What to do: Only the pictures stay out; every record is to be quoted exactly.

START Data excerpts

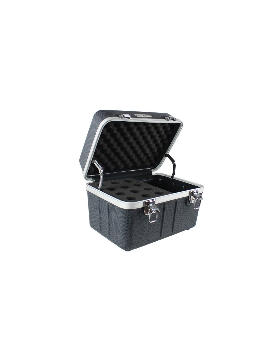 ESTUCHE PARA MICROFONO/S Maleta Proel FOABSMIC12. Estuche para 12 micrófonos hecho de 'Polietileno FORCE' con inserto de espuma moldeada para la inserción de los micrófonos yun práctico compartimiento lateral para cables y accesorios.
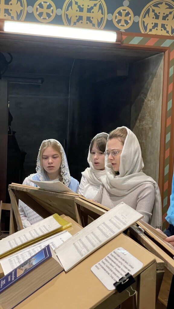 Песнопения Литургии исполнил молодежный приходской хор под управлением Т.И. Державиной. Стоит отметить, что данный хор совсем молодой, ведь создан он был только в феврале этого года!
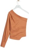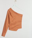 Casual chic & feminine! De JOSH V Eevie top in de kleur Bronze heeft een linnen uitstraling en een lichte structuur in de stof. De top is een one shoulder model en heeft een aansluitende pasvorm. Een mooi detail is de JOSH V emaille knoop op de manchet. De JOSH V Eevie top is verkrijgbaar in de kleuren Bronze en Whisper White.
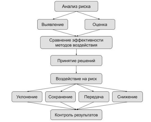 При возникновении любого из рисков необходимо принять решение и подкорректировать свои действия, чтобы проект не провалился. Управление рисками. Процесс выявления, оценки, минимизации, контроля рисков — это управление ими, так называемый, риск-менеджмент.
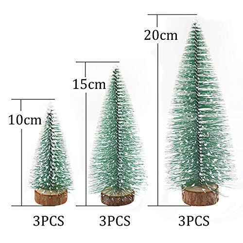 Herefun Mini Alberi di Natale, 9Pcs Albero di Natale Artificiale, Albero di Natale in Miniatura, Innevato Miniature Albero di Natale artificiale Abete Festa di Natale Decorazione, 3 Taglia
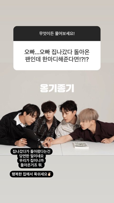 집 나갔다 다시 돌아온 팬에게 한마디 해준다면?
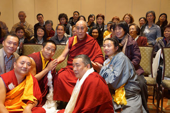His first engagement on arrival in Providence was a meeting with Lama Tsewang Tashi Rinpoche and members of the Da Nang Benevolence Association, many of whom are Chinese. He advised them of the need to be twenty-first century Buddhists; not content with having faith in the Buddha and his teaching, but understanding what the teaching means and how it can be put into effect on a practical basis. He also recommended studying the classic Indian Buddhist texts, which are written from a broader point of view that does not assume the reader is a Buddhist.
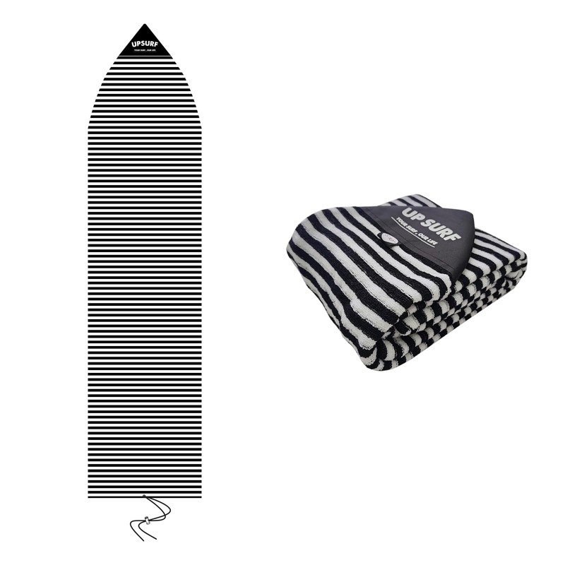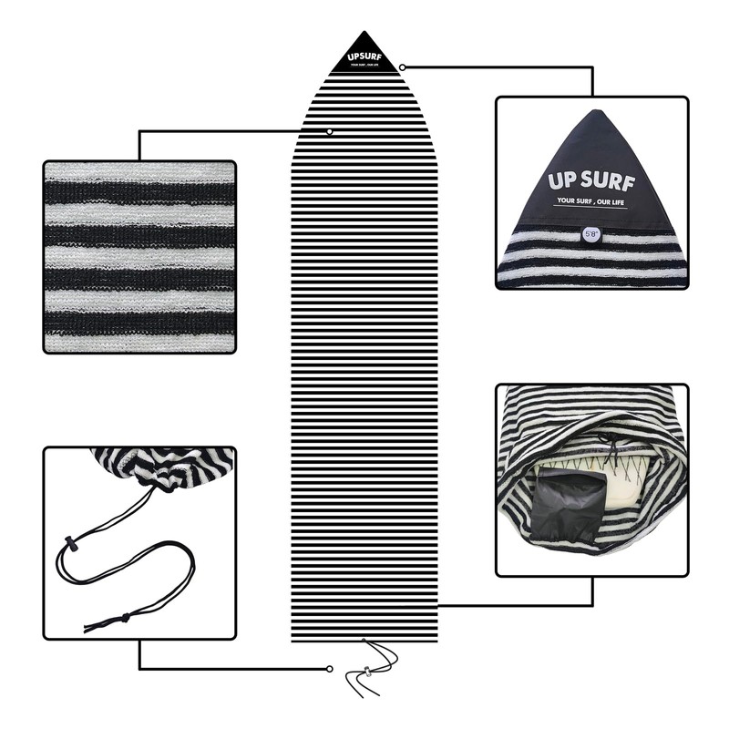 UPSURF 5'8"/5'10"/6'/6'6"Surfboard Sock Cover-Long board Sock Cover Light Protective Bag for Your Surf Board (Black+White, 5'8")

END Data excerpts

Answer below:
 ESTUCHE PARA MICROFONO/S Maleta Proel FOABSMIC12. Estuche para 12 micrófonos hecho de 'Polietileno FORCE' con inserto de espuma moldeada para la inserción de los micrófonos yun práctico compartimiento lateral para cables y accesorios.
 Песнопения Литургии исполнил молодежный приходской хор под управлением Т.И. Державиной. Стоит отметить, что данный хор совсем молодой, ведь создан он был только в феврале этого года!
 Casual chic & feminine! De JOSH V Eevie top in de kleur Bronze heeft een linnen uitstraling en een lichte structuur in de stof. De top is een one shoulder model en heeft een aansluitende pasvorm. Een mooi detail is de JOSH V emaille knoop op de manchet. De JOSH V Eevie top is verkrijgbaar in de kleuren Bronze en Whisper White.
 При возникновении любого из рисков необходимо принять решение и подкорректировать свои действия, чтобы проект не провалился. Управление рисками. Процесс выявления, оценки, минимизации, контроля рисков — это управление ими, так называемый, риск-менеджмент.
 Herefun Mini Alberi di Natale, 9Pcs Albero di Natale Artificiale, Albero di Natale in Miniatura, Innevato Miniature Albero di Natale artificiale Abete Festa di Natale Decorazione, 3 Taglia
 집 나갔다 다시 돌아온 팬에게 한마디 해준다면?
His first engagement on arrival in Providence was a meeting with Lama Tsewang Tashi Rinpoche and members of the Da Nang Benevolence Association, many of whom are Chinese. He advised them of the need to be twenty-first century Buddhists; not content with having faith in the Buddha and his teaching, but understanding what the teaching means and how it can be put into effect on a practical basis. He also recommended studying the classic Indian Buddhist texts, which are written from a broader point of view that does not assume the reader is a Buddhist.
 UPSURF 5'8"/5'10"/6'/6'6"Surfboard Sock Cover-Long board Sock Cover Light Protective Bag for Your Surf Board (Black+White, 5'8")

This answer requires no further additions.